TASK ITEM: From the entries below, gather every line containing the string "dans".

Stored data:
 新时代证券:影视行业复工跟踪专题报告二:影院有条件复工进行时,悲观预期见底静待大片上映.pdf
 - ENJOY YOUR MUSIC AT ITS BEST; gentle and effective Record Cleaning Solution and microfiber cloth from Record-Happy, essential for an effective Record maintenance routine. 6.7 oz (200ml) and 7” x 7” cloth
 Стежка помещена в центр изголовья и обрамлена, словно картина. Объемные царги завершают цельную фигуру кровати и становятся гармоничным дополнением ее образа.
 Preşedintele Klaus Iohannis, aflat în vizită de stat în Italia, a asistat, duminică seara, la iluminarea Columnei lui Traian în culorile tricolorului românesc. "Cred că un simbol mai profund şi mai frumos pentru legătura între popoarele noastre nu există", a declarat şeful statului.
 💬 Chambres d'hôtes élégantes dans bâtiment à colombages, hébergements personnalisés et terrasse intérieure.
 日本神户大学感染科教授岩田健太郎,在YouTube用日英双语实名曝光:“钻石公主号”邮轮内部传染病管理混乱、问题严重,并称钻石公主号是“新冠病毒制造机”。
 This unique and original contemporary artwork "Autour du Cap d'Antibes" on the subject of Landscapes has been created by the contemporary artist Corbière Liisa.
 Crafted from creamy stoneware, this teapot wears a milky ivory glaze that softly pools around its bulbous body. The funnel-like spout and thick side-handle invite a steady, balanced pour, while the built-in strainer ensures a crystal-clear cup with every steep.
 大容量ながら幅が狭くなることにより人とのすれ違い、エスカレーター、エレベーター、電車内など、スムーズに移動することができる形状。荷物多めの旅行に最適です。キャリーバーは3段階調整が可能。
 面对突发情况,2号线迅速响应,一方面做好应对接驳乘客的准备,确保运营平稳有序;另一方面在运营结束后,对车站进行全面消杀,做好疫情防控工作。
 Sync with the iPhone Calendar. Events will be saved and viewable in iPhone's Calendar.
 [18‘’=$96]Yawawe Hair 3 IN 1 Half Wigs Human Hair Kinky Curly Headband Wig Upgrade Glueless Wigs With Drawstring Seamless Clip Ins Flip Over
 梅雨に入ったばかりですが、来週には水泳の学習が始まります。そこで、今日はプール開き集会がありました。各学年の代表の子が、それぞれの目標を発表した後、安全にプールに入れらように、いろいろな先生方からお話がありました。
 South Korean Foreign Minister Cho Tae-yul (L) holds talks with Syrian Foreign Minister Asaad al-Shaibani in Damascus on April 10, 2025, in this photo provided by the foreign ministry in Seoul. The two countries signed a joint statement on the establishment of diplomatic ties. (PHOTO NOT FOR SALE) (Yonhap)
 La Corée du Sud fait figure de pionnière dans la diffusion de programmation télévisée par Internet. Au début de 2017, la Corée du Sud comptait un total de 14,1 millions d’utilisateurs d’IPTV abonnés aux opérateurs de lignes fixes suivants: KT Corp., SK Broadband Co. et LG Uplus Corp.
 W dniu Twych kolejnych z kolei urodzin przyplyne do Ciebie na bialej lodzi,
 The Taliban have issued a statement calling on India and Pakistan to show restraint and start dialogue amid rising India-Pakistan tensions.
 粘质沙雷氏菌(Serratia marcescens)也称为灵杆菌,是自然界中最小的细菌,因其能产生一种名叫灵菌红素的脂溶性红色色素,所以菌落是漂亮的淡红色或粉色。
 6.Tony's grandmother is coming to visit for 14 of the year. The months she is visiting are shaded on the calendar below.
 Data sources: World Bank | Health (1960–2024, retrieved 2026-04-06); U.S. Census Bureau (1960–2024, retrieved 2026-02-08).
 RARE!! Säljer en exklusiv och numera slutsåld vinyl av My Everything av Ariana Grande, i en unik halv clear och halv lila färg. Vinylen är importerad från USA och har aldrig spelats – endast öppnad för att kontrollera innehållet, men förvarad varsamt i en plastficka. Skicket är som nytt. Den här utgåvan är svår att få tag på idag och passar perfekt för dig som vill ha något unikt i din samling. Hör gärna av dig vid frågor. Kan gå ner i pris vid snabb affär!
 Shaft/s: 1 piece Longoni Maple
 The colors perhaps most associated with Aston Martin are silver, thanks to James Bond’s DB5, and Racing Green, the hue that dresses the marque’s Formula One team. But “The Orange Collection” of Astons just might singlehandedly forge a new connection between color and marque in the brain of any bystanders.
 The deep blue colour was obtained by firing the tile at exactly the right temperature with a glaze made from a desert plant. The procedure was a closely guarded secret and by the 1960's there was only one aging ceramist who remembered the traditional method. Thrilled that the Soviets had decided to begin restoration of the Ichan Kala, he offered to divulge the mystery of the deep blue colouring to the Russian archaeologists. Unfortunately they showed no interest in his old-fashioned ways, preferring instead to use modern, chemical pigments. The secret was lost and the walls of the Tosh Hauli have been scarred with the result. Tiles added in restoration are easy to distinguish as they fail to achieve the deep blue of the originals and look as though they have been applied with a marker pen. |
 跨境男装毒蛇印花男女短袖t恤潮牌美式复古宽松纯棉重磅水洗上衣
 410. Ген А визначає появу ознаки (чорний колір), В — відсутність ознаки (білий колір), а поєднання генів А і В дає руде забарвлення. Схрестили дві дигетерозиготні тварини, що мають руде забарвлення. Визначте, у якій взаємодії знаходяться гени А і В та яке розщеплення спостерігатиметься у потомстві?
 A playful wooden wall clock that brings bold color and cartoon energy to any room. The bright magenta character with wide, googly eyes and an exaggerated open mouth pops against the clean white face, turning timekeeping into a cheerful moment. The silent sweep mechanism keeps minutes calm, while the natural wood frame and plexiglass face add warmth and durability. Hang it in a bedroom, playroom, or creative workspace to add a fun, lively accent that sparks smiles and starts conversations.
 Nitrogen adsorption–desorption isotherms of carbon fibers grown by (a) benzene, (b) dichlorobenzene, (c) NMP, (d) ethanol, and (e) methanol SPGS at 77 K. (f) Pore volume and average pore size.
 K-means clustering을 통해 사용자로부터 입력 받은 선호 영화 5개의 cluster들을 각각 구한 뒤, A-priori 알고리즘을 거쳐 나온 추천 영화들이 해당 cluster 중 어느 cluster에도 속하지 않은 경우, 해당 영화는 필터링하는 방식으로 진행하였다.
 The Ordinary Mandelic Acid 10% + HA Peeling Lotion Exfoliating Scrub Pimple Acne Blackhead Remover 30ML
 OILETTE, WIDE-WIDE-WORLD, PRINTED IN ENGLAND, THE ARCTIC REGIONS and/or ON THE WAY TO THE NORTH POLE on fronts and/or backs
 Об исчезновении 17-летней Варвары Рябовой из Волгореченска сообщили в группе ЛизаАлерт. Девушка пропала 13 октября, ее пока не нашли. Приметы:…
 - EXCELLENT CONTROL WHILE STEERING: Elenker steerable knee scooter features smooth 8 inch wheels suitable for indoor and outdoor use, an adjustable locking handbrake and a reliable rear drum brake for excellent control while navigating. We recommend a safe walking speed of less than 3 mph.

RESPONSE AREA:
 💬 Chambres d'hôtes élégantes dans bâtiment à colombages, hébergements personnalisés et terrasse intérieure.
 La Corée du Sud fait figure de pionnière dans la diffusion de programmation télévisée par Internet. Au début de 2017, la Corée du Sud comptait un total de 14,1 millions d’utilisateurs d’IPTV abonnés aux opérateurs de lignes fixes suivants: KT Corp., SK Broadband Co. et LG Uplus Corp.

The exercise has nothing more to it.